BRIEF DESCRIPTION OF THE DRAWINGS
[0024] FIG. 1A is a side view of a reservoir and horizontally
drilled wells during the initial start up phase of the process;
[0025] FIG. 1B is a cross-section of FIG. 1A;
[0026] FIG. 2 is a graph showing a sample injection profile
conforming to the process;
[0027] FIG. 2A is a graph showing a sample injection pressure
profile conforming to the process;
[0028] FIG. 3A is a side view of a reservoir and horizontally
drilled wells during the second phase of the process;
[0029] FIG. 3B is a cross-section of FIG. 3A;
[0030] FIG. 4 is a graph of the energy requirements of the SAGD,
ES-SAGD, and processes as indicated by the cumulative steam to oil
ratio over the time of production;
[0031] FIG. 5 is a graphical representation comparing bitumen
recovery of the SAGD, ES-SAGD, and processes as a function of
time;
[0032] FIG. 6 is a graphical representation comparing cumulative
solvent recovery of the ES-SAGD, and processes as a function of
time.
[0033] Similar numerals denote similar elements.
DETAILED DESCRIPTION OF THE PREFERRED EMBODIMENTS
[0034] With reference to the Figures, a phased heating and solvent
enhanced recovery process for recovery of in situ bitumen or heavy
oil is described.
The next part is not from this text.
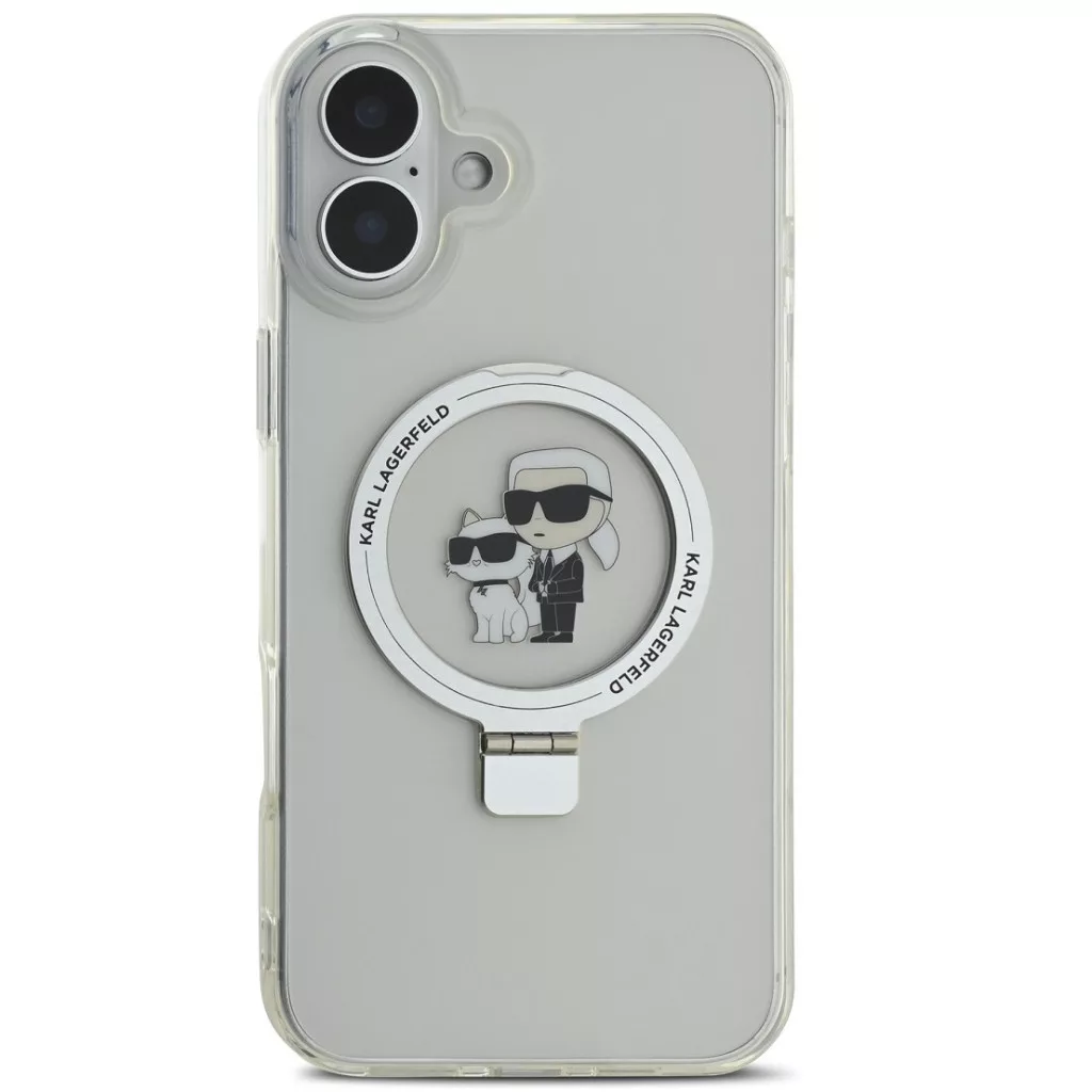 Karl Lagerfeld Ringstand Karl and Choupette iPhone 16 MagSafe tok kitámasztóval, fehér

Broadly, the invention consists of a sequence of
fluid injection and operating pressure changes that results in
significantly improved heavy oil or bitumen production from a heavy
oil or bitumen reservoir.
[0035] Heavy oil and bitumen is a more viscous material compared to
light oils at in situ initial reservoir temperatures and pressures.
Also, at elevated temperatures, heavy oil and bitumen has higher
viscosity than lighter hydrocarbons such as solvent at the same
temperature. At even more elevated temperatures, even though heavy
oil and bitumen remains in liquid state, the solvent can be in the
gaseous state and freely move throughout the reservoir providing
there is a driving pressure gradient to motivate the solvent
motion. The amount of solvent that can dissolve in heavy oil or
bitumen depends on the reservoir temperature and pressure. There
are two means to deal with the effectiveness of a heavy oil or
bitumen solvent to produce heavy oil or bitumen to a production
wellbore: first, the solvent must be chosen to substantially match
the reservoir pressure and temperature to maximize its
effectiveness in the targeted heavy oil or bitumen and second,
change the operating conditions, i.e. the operating pressure and
temperature, in order to control the solvent effectiveness in the
heavy oil or bitumen. The temperature of the depletion zone from
which heavy oil and bitumen are being extracted can be controlled
by injecting saturated steam into the formation.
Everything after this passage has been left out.